You have just landed on Planet X. You take out a 100-g ball and release it from rest at a height of 10.0m and measure that it takes 2.2s to reach the ground. You can ignore any force on the ball from the atmosphere of the planet. How much does the 100 g ball weigh on the surface of Planet X.
Actually, once I rethought this question over it clicks a little bit more than it previously did before when I read it. So anyway, let's just check my reasoning skills to be sure that what I'm thinking is correct.
Since we're releasing the ball from rest, we can easily find the final velocity, which in this case is going to be the average velocity doubled: 10m/2.2s= 4.5m/s, so vf = 9.0m/s, then aave= 9m/s-0 / 2.2s = 4.09m/s^2. Then the acceleration due to gravity here is 4.09m/s^2, so the 100 g ball will simply be 100 * 4.09m/s^2
Very good, but 100 * 4.09m/s^2 = 409 m/s^2, which is an acceleration, not a weight.
What are the units of the 100? What therefore is the weight?
If we want to prove whether the integral of 1/t^ .3 from t=0 to t=1 converges or diverges, after integrating we can say that we want to find the limit as x->0 of 10/7 t^.7 from 1 to x. Then we just plug in and get 10/7 (1 ^ .7 ) - 10/7 (x ^.7 ). Since x will just go to zero, we get a numerical answer of 1.43, so it converges.
Yes. Very good.
Bounded by y= 4-x^2, y=0, x=-2, x=0, rotated about the x-axis.
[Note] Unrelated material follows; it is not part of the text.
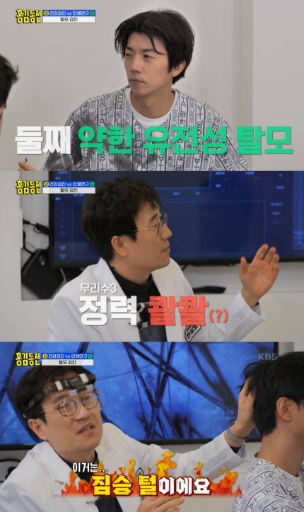 하지만 이은 탈모 검사에서 "아버지께서 탈모가 있으시다.However, in the subsequent hair loss test, "My father has hair loss. 앞과 옆 둘 다 없으시다"며 걱정을 보였던 조세호는 "약 먹을 필요도 없는, 서울대 두 번 갈 수도 있는 타입이다.Cho Se-ho, who showed concern, said, "You don't have to take medicine, but you can go to Seoul National University twice." 정력 콸콸이다"라며 상반된 결과를 받았다.I'm full of energy," he said, receiving conflicting results.

I know how to do these problems, but the most important part is finding the correct volume of a slice. This is an odd problem, and since I can correctly integrate this function, my error is probably lying in my volume of a slice. (Also, when we are given the x and y equal to does that mean that my integration bounds are going to be from -2 to 0 when I write my integral of this solid? Can I use pi* (4-x^2)^2 * d'x --would this be correct for the radius? But I know that we'd take the Riemann sum, then the integral, resulting (assuming this is correct) in integral( pi * (4-x^2)^2 dx from 0 to -2
Very good and correct throughout. The integral would be from -2 to 0, as you stated first, not from 0 to -2.
Find the volume of the solid whose base curve y= (x+e) -.5 between x=0 to x= .7 and y axis whose cross sections are perpendicular to the y axis are right triangles with altitudes 2.5 times base
This one is being rotated about the y-axis, right? For our volume slice we are using right triangles whose altitudes are 2.5 times the base, so would our height be 2.5h when we draw a facsimile of the triangle to represent it? Would the volume of a slice be s^2* d' h (thickness). Would we need to use similar triangles to come to a correct value for s? Would the width of the the function be to x= .7, and when considering a volume of a slice would we use the proportionality... I'm kind of stumped here
The cross-sections are perpendicular to the y-axis, so they run from the y axis to the curve, in the x direction.
Assuming the function is y = (x + e)^(-.5), to find a point on the curve which corresponds to the given y coordinate you would have to solve the given the equation for x; easy enough to do, and you get x = y^-2 - e. The line segment running from the y axis to this x coordinate therefore has length y^-2 - e.
Assuming this segment to be the base of the right triangle, its altitude would be 2.5 (y^-2 - e) and its area would be 1.2 * 2.5 (y^-2 - e) * ( y^-2 - e).
If the segment is the altitude of the right triangle, then the area of the cross-second would be 1.2 / 2.5 * (y^-2 - e) * ( y^-2 - e).
The Riemann sum is then set up, partitioning the y axis from y = e^(-.5) to (.7 + e)^-.5.